Firefighters extinguished a blaze at the headquarters of the Democratic Party of President Boris Tadic and the premises of their coalition partner, the Socialist Party, were also attacked before calm was restored by early evening.
Defense Minister Dragan Sutanovac called it a "really sad day for Serbia" and Tadic vowed to bring the people behind the violence to justice.
"Serbia will secure human rights for all its citizens regardless of their diversity. No one will tolerate attempts to threaten them," said Tadic, who like other top government officials did not attend the march.
The clashes highlighted the intolerance that still pervades Serbian society a decade after the country ousted strongman Slobodan Milosevic, ending the pariah status that dogged it during the Balkan wars of the 1990s.
The parade, the first of its kind in Belgrade in nearly a decade, had been seen as a test of Serbia's readiness to become a more modern, open society after years of conflict fueled by ethnic hatred.
The violence occurred just two days before a planned visit of U.S. Secretary of State Hillary Clinton, who wants to highlight Washington's support for Belgrade's EU aspirations.
Gangs of tough-looking youths threw stones, crowbars, wooden planks, bottles and other objects at police, smashed windows of cars and buses and looted several central shops including that of Italian retailer Benetton. Some sang nationalist songs.
Rioters were injured by charging police, backed by armored vehicles, who wielded clubs and shields and used teargas and stun grenades against their attackers.

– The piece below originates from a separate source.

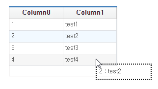 strVal += " : " + this.Dataset00.getColumn(e.row, "Column1");

Police said they had detained 101 people as of late afternoon and kept 53 in custody. Debris lay scattered across the main streets of central Belgrade and clouds of teargas rose from the ground.
"It was more like death march. The atmosphere was terrible," said Susanne Simon-Paunovic, a German married to a Serb who attended the rally.
Milena, a 36-year old lesbian activist said: "It is a shame for me to march, to stand for what I am, and to have thousands of cops protect me from hysterical nationalists."
Traditionally conservative Balkan societies have been slow to adjust to open homosexuality, and last year a Serbian gay parade was canceled because of threats.
"This government wants to protect a deviant, wicked and non-Christian minority against the good, law-abiding majority," said Milija, 28, a construction engineer who described himself as a religious nationalist.